### Directions
Return the entries exactly. Images are not part of the copy.

Recorded data
════════

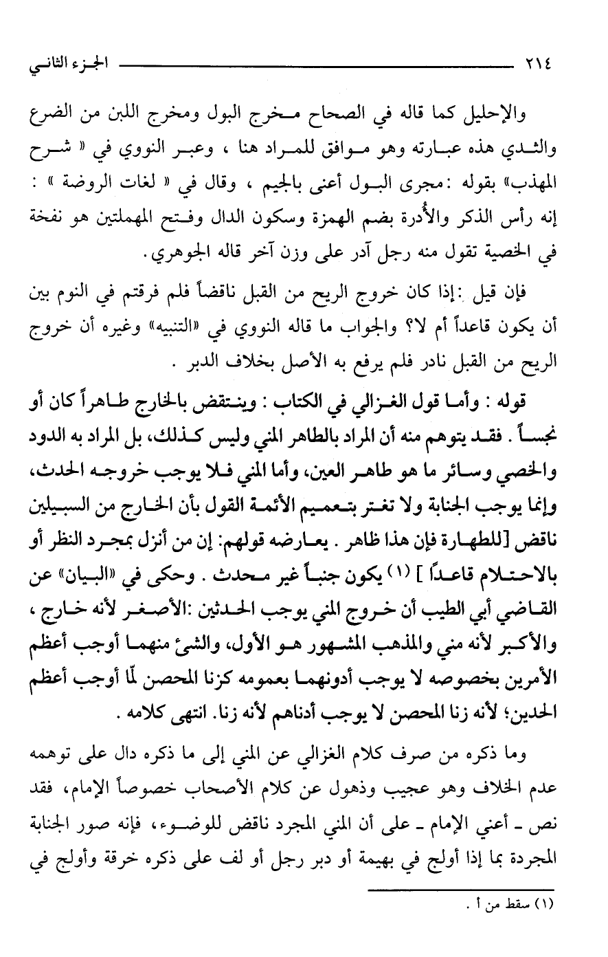 وما ذكره من صرف كلام الغزالي عن المني إلى ما ذكره دال على توهمه عدم الخلاف وهو عجيب وذهول عن كلام الأصحاب خصوصًا الإمام، فقد نص -أعني الإمام- على أن المني المجرد ناقض للوضوء، فإنه صور الجنابة المجردة بما إذا أولج في بهيمة أو دبر رجل أو لف على ذكره خرقة وأولج في
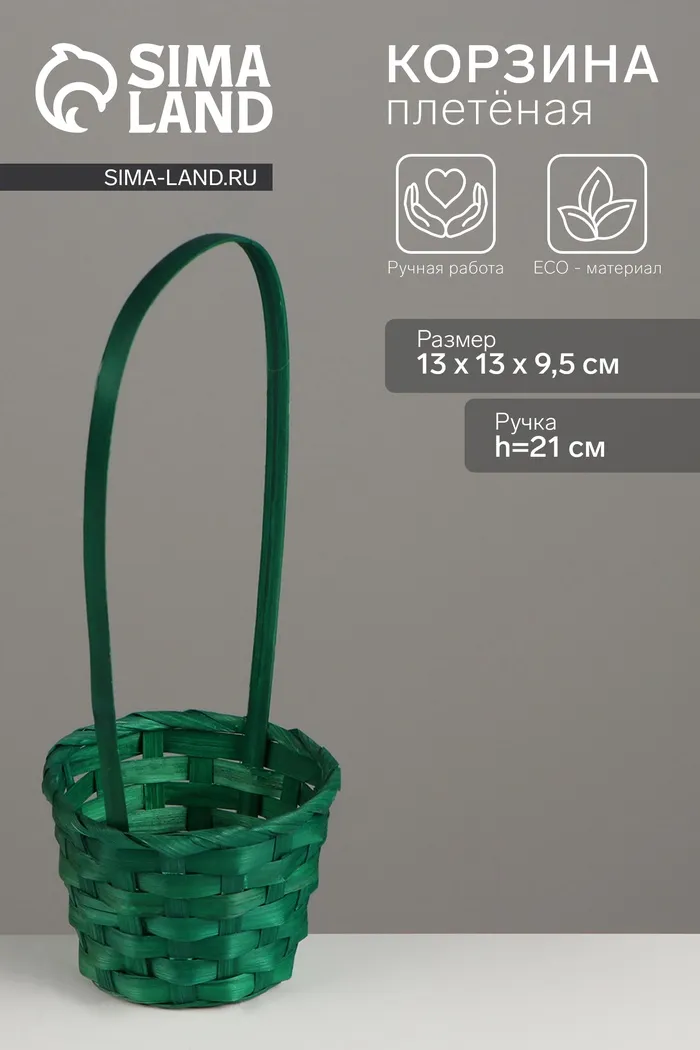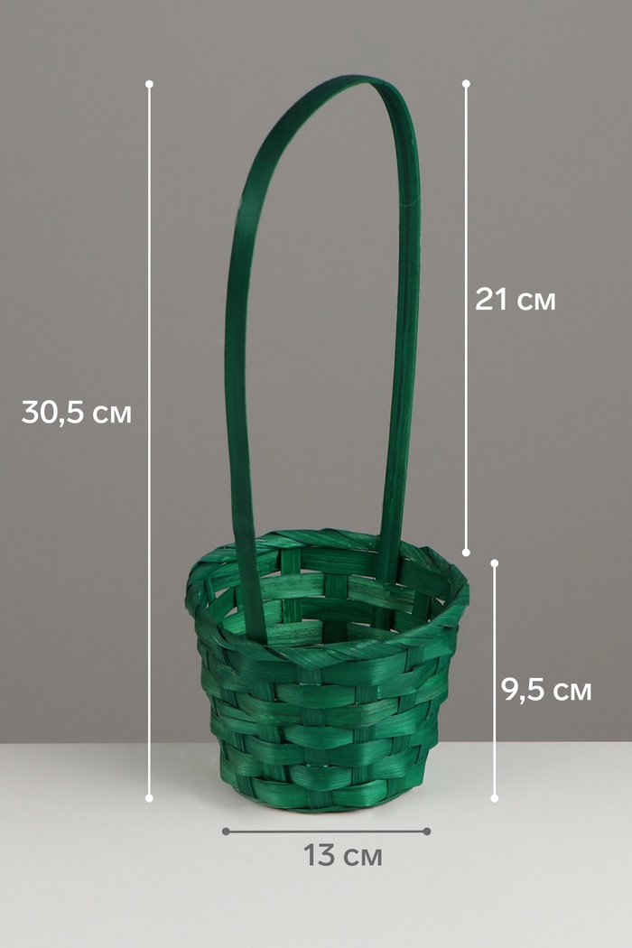 Корзина плетёная, 13×13×9.5 см, ручка h=21 см, бамбук, зелёная — Характеристики
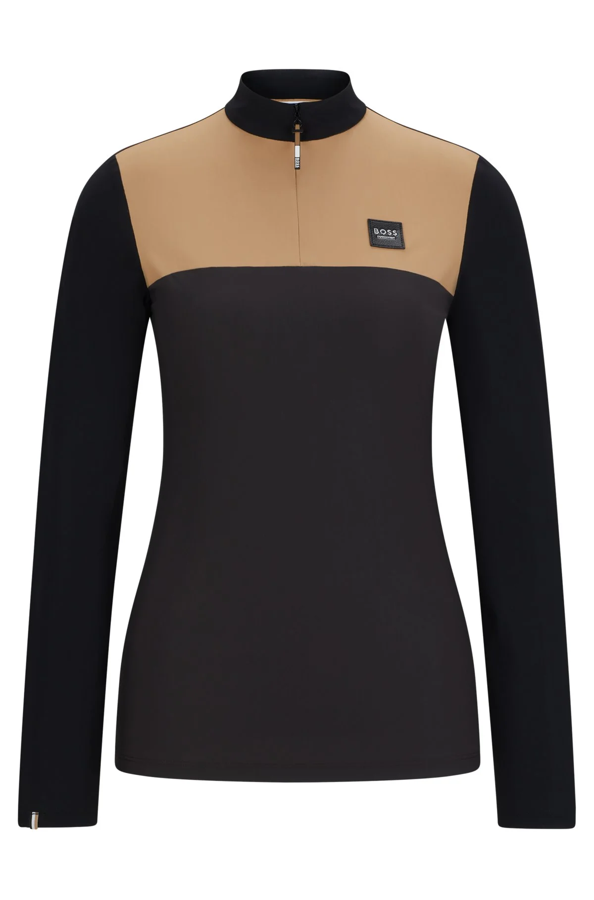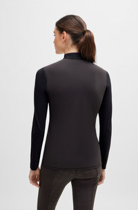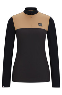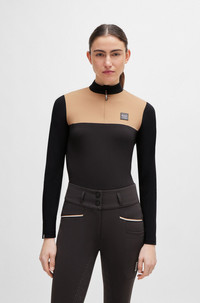 SIZE AND FIT The model wears a size S and is 5'10" tall with a, 32" chest, 23" waist and 35" hips. DETAILS RENEE TRAINING SHIRT - B4W0404 A high-performance training top in super-stretch material by BOSS Womenswear. Offering UPF 50+, this zip-neck top is engineered in ultra-lightweight and breathable fabric that dries quickly for a comfortable feel as you ride. The fabric is also lint resistant and easy to clean to ensure a precise look always. QUALITY & CARE INSTRUCTIONS Do Not Dry Clean Do Not Tumble Dry Machine Wash Cold Gentle Quality: 73% Polyamid, 27% Elastane Do Not Bleach Do Not Iron
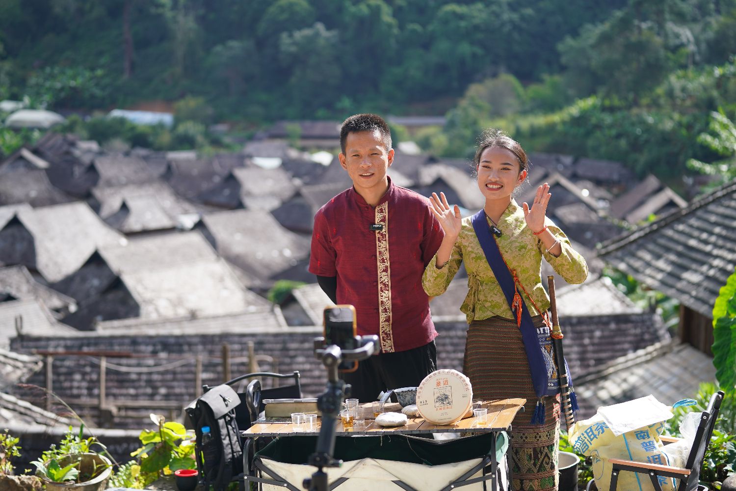 傣族姑娘仙金(右)和男朋友丁志雄(左)在糯干古寨进行网络直播,向网民推介景迈山和自家出产的茶叶。(中新社)
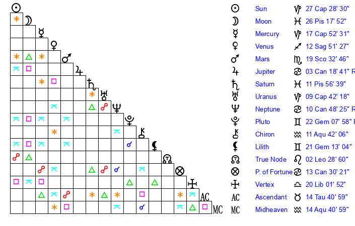 | Moon | 26 Pisces 19 | 24 Virgo 40 | 12 Cancer 19 |

════════

### Exercise response
 وما ذكره من صرف كلام الغزالي عن المني إلى ما ذكره دال على توهمه عدم الخلاف وهو عجيب وذهول عن كلام الأصحاب خصوصًا الإمام، فقد نص -أعني الإمام- على أن المني المجرد ناقض للوضوء، فإنه صور الجنابة المجردة بما إذا أولج في بهيمة أو دبر رجل أو لف على ذكره خرقة وأولج في
 Корзина плетёная, 13×13×9.5 см, ручка h=21 см, бамбук, зелёная — Характеристики
 SIZE AND FIT The model wears a size S and is 5'10" tall with a, 32" chest, 23" waist and 35" hips. DETAILS RENEE TRAINING SHIRT - B4W0404 A high-performance training top in super-stretch material by BOSS Womenswear. Offering UPF 50+, this zip-neck top is engineered in ultra-lightweight and breathable fabric that dries quickly for a comfortable feel as you ride. The fabric is also lint resistant and easy to clean to ensure a precise look always. QUALITY & CARE INSTRUCTIONS Do Not Dry Clean Do Not Tumble Dry Machine Wash Cold Gentle Quality: 73% Polyamid, 27% Elastane Do Not Bleach Do Not Iron
 傣族姑娘仙金(右)和男朋友丁志雄(左)在糯干古寨进行网络直播,向网民推介景迈山和自家出产的茶叶。(中新社)
 | Moon | 26 Pisces 19 | 24 Virgo 40 | 12 Cancer 19 |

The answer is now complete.